In an environment made up of international policymakers, in which the control of malaria has been forced to re-strategise malaria elimination plausibility, malaria cartography can be considered as a highly important and imperative strategy to plan, implement and evaluate the impact of intervention efforts [26]. One integral part of the Spatial Decision Support System (SDSS) is malaria prevalence and incidence mapping. For instance, following the review of the existing SDSS for malaria elimination by Kelly et al. [27], improved planning, implementation of the intervention programmes and monitoring and evaluation of the intervention programmes was suggested. The implementation of trial SDSS applications has been implemented in a number of malaria interventions in Southern Africa [28]. In the same vein, Diallo et al. [29] used an innovative subnational tailoring approach to identify the most appropriate interventions in Guinea, considering the resources that were available. The use of local data to inform eligibility and prioritisation fostered the identification of the optimal mix of interventions.

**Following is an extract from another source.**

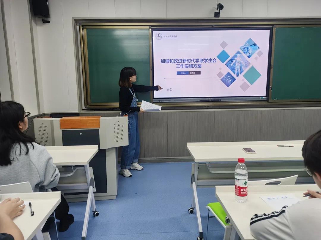 员工会主席团成员赵清淼领学《加强和改进新时代学联员工会工作实施方案》,结合最新述评文章《全国学联:清新阳光的员工会容不得颐指气使的“员工官”》分享心得体会,并带领全体工作人员回顾了《关于学联员工会工作人员改进作风服务同学的若干规定》。她强调银河集团官网员工会仍在建设发展过程当中,应积极深入领会全国学联二十七大精神,牢记服务同学宗旨,力争树立起富有理想,关心同学,清新阳光的组织形象。

2.2.1 Global and continental malaria cartography: Pros and cons
Malaria model risk maps at the global and continental scales have previously been developed in accordance with expert opinions and option rules [30] and later on climate favourability [11]. The foremost P. falciparum malaria endemicity digitised risk map at the global scale was developed by Lysenko and Semashko [31]. This represented the best traditions of manual cartography that placed emphasis on the acceptance of a wide range of various sources of data and integrating them into a single synthesised map without any form of formal underlying quantitative system [9]. The map provided a comprehensive description of the classic state of malaria endemicity, each of which relates to the prevalence of malaria in children.
The map provided impressive information regarding the state of knowledge of global malaria endemicity during that period; however, the speculative nature of the approach was not without some setbacks, the most important of which is the less likely accuracy of the map and its variability from place to place, which is not measurable and hence, cannot be communicated to end-users. These important deficiencies have placed a basic limitation on the application of this map for making decisions regarding critical public health interventions [32].
Over the five decades that the Lysenko map came into existence, there was very little effort to make improvements on the map during that period. However, the development of the continental-scale MARA/ARMA map in the year 1997 and the global MAP developed in 2005, led to a rebirth which facilitated the successful transformation of the science of malaria mapping studies and its application in the control, elimination and ultimate eradication of malaria [32].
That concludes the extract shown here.